[comp.lang.perl] perl slowness with regexp

jbw@bucsf.bu.edu (Joe Wells) (03/06/90)

I ran into some interesting perl behavior recently.  The following short
program will illustrate it:

    for (1 .. 20)
    {
      $_ = 'Y' . ('x' x $_);
      print "_: $_\n";
      m/(.+)*Y/;
      print "`: $`, 1: $1, &: $&, ': $'\n";
    }

If you run this program, you will notice that each iteration of the loop
takes much longer than the previous iteration.  Am I correct in guessing
that this is perl's way of telling me don't do that?  Or is this kind of
regular expression optimizable?

For the curious, this is the original regexp from which I distilled the
one in the program above:

    ^\s*(\S+(\s*\S+)*)\s*<.*>$

I was trying to exclude the spaces on the end of what I was looking for.
Since then, I've done that afterwards.

-- 
Joe Wells <jbw@bu.edu>
jbw%bucsf.bu.edu@cs.bu.edu
...!harvard!bu-cs!bucsf!jbw

lwall@jpl-devvax.JPL.NASA.GOV (Larry Wall) (03/07/90)

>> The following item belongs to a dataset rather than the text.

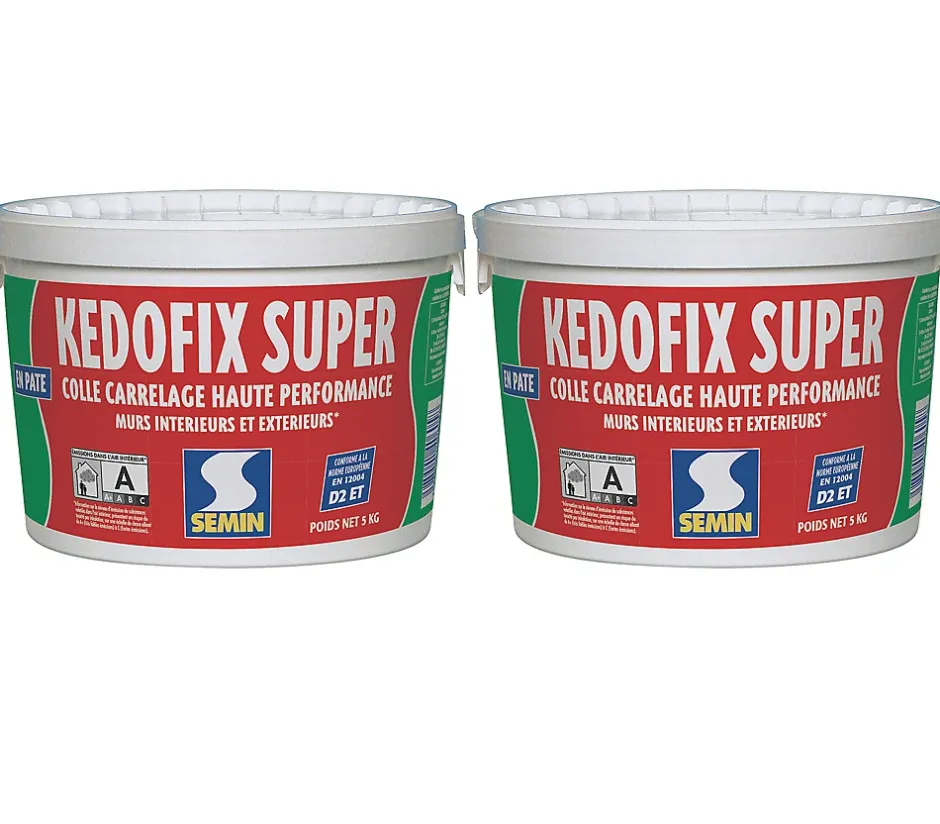 COLLE POUR CARRELAGE HAUTE PERFORMANCE KEDOFIX – SEAU DE 5 KGCollez avec confiance – même dans les conditions les plus exigeantesLa colle carrelage Kedofix Super est une solution prête à l’emploi conçue pour répondre aux exigences des professionnels et des bricoleurs avertis.Grâce à sa formule à base de résines acryliques haute performance, elle garantit une adhérence optimale dans les environnements les plus humides, comme les salles de bains, cuisines, ou douches collectives, et résiste parfaitement aux conditions extérieures.Ce pack contient :• Kedofix Super , 2 seaux de 5 kgPOLYVALENCE ET HAUTE ADHÉRENCEPour carrelage mural en intérieur et extérieur protégé Compatible avec une large gamme de revêtements : faïence, pâte de verre, pierre naturelle, grès, terre cuite, plaquettes de parement Application sur béton, plâtre, cloison légère, peinture adhérente, ancien carrelage…RÉSISTANCE À L’EAU RENFORCÉEConçue spécialement pour les locaux très humides de type EB+, cette colle assure une tenue durable même en présence d’humidité constante. Elle respecte les prescriptions du CPT du CSTB et est certifiée par le CSTB 20 AD 154.PRÊTE À L’EMPLOI – FACILE À APPLIQUERLa pâte prête à l’emploi permet une application directe sans mélange. Elle peut également être utilisée pour rattraper jusqu’à 5 mm de défaut de planéité avant collage (temps d’attente de 24h avant pose).CONSEIL DE POSEUtilisé en enduit, Kedofix super permet de rattraper de légers défauts de planimétrie du support. Dans ce cas, attendre 24 h avant le collage des carrelages.

In article <JBW.90Mar5221106@bucsf.bu.edu> jbw@bucsf.bu.edu (Joe Wells) writes:
: I ran into some interesting perl behavior recently.  The following short
: program will illustrate it:
: 
:     for (1 .. 20)
:     {
:       $_ = 'Y' . ('x' x $_);
:       print "_: $_\n";
:       m/(.+)*Y/;
:       print "`: $`, 1: $1, &: $&, ': $'\n";
:     }
: 
: If you run this program, you will notice that each iteration of the loop
: takes much longer than the previous iteration.  Am I correct in guessing
: that this is perl's way of telling me don't do that?  Or is this kind of
: regular expression optimizable?

What you've just discovered is that with a backtracking mechanism it's easy
to fall into combinatorial explosions.  Saying /.+/ gives you one level
of backtracking; saying /(.+)*/ backtracks for every state of the inner
backtrack.  As to whether it's optimizable or not /(.+)*/ is obviously
equivalent to /.*/, but I don't think it's a worthwhile optimization to
put in, because it will almost never arise in real life (your own problem
has other stuff in with the \S+).

There is, of course, the optimization of using a non-bactracking algorithm
like egrep, but then you wouldn't be able to isolate $1, because the way
the states are constructed in the DFA, in a particular state you could be
just starting or just ending or in the middle of or nowhere near any number
of potential $1's.  Well, maybe not any number.  It might just be possible
to construct your DFA such that it kept an array of potential $1's, but I
get a headache when I look at GNU egrep.  And when GNU egrep itself sees
backreferences it punts and goes to a backtracking algorithm.

So yes, don't do that.  There's almost always a much more efficient way,
and probably a more readable one at that.

Larry